● Problem to solve
Please write out exactly the line containing "Daher ist die" below and every line after it, through the last one, but leave out any pictures.

[Records excerpted from a collection]
═══

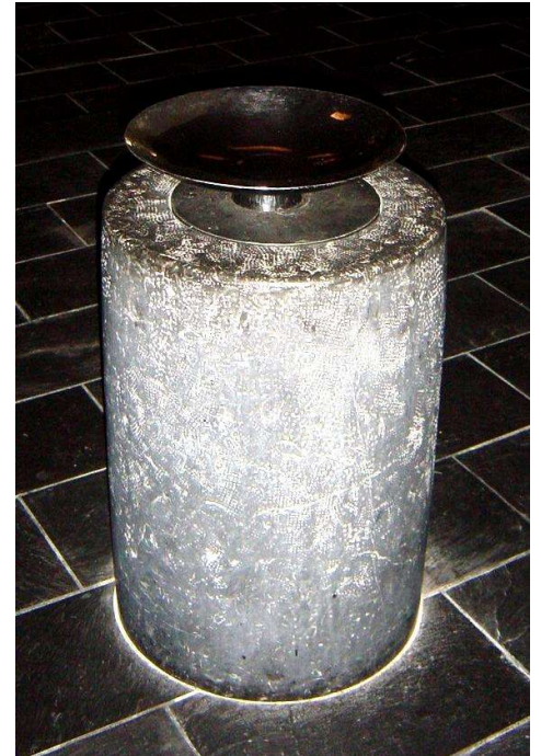
Taufstein und -schale in der Kirche Heilig Geist

Daher ist die Pfarrkirche der bevorzugte, weil sinnträchtigste, Ort für die Taufe Ihres Kindes. Sollten Sie den Wunsch haben, Ihr Kind an einem anderen Ort zu taufen, so kommen wir gerne darüber mit Ihnen ins Gespräch.
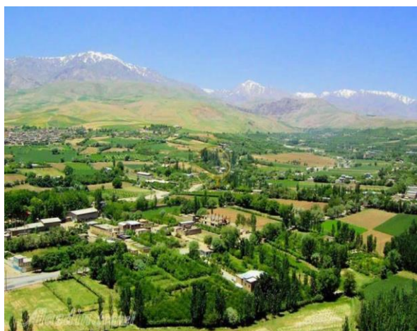
شکل ۵. تغییر چشم انداز روستا شهر گلدشت بر اثر ساخت خانه‌های دوم، مأخذ (نگارندگان: ۱۴۰۲)
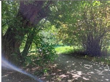
28/8, lambertsnoot (links), kerspruim (rechts), Heemtuin Delftse Hout, Lia Claus
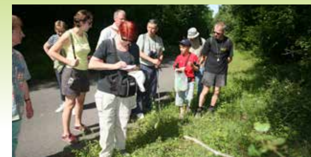
Sortie botanique en forêt d'Halatte
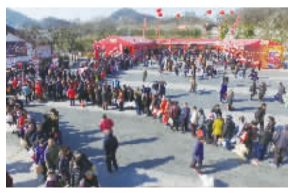
恒顺醋文化节现场
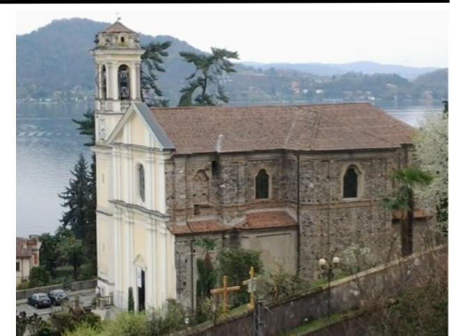
Chiesa di S. Margherita

Partenza da S. Caterina per Arona alle 17:50, arrivo alle 18:50.
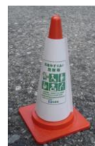
【駐車場での設置例】
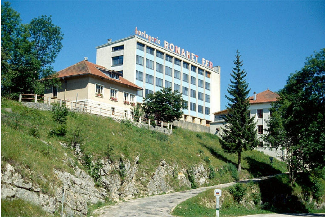
Vue d'ensemble depuis l'ouest.
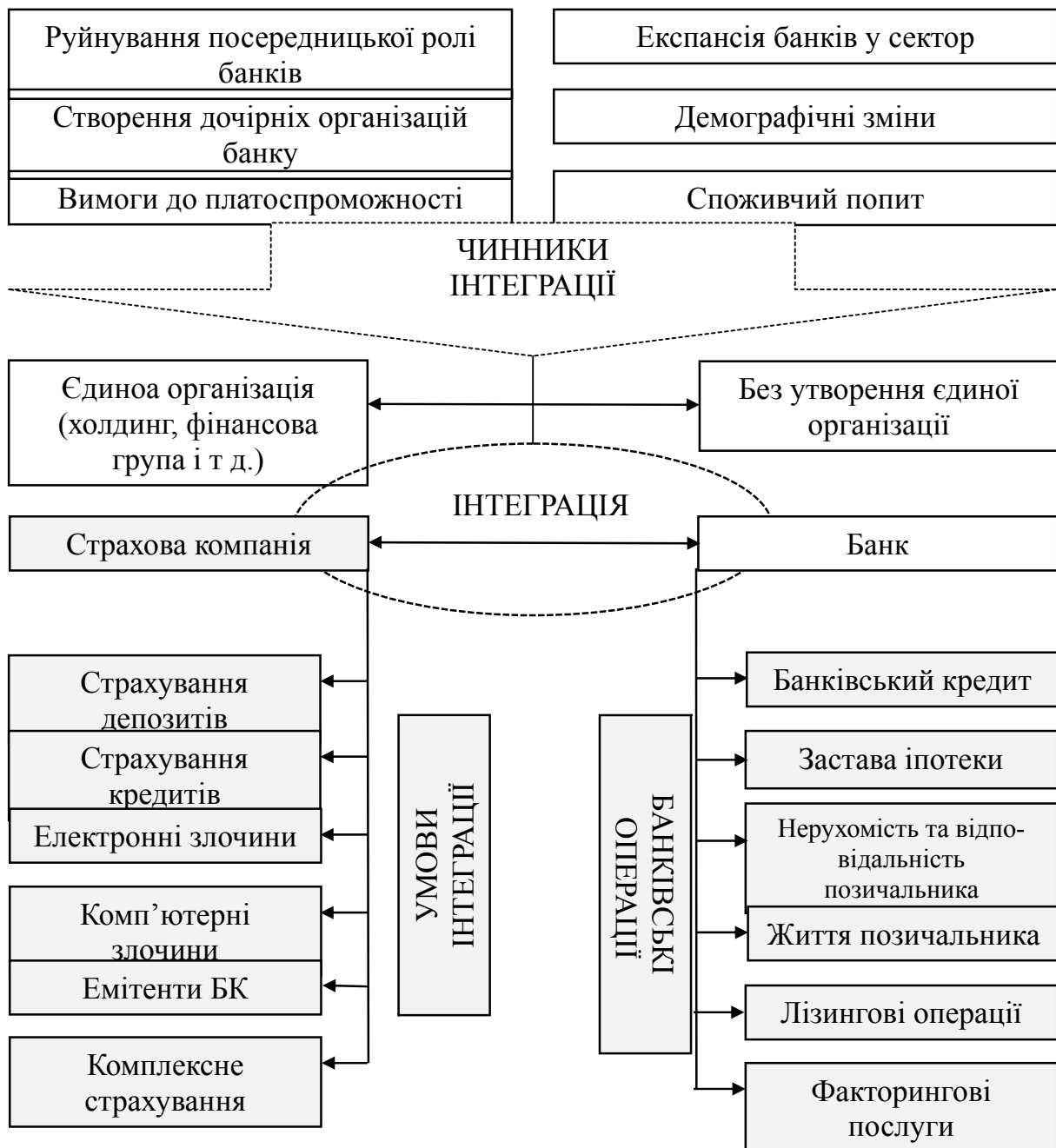
Рис.2. Процес інтеграції банків та страхових компаній

═══

● Task result
Daher ist die Pfarrkirche der bevorzugte, weil sinnträchtigste, Ort für die Taufe Ihres Kindes. Sollten Sie den Wunsch haben, Ihr Kind an einem anderen Ort zu taufen, so kommen wir gerne darüber mit Ihnen ins Gespräch.
شکل ۵. تغییر چشم انداز روستا شهر گلدشت بر اثر ساخت خانه‌های دوم، مأخذ (نگارندگان: ۱۴۰۲)
28/8, lambertsnoot (links), kerspruim (rechts), Heemtuin Delftse Hout, Lia Claus
Sortie botanique en forêt d'Halatte
恒顺醋文化节现场
Chiesa di S. Margherita

Partenza da S. Caterina per Arona alle 17:50, arrivo alle 18:50.
【駐車場での設置例】
Vue d'ensemble depuis l'ouest.
Рис.2. Процес інтеграції банків та страхових компаній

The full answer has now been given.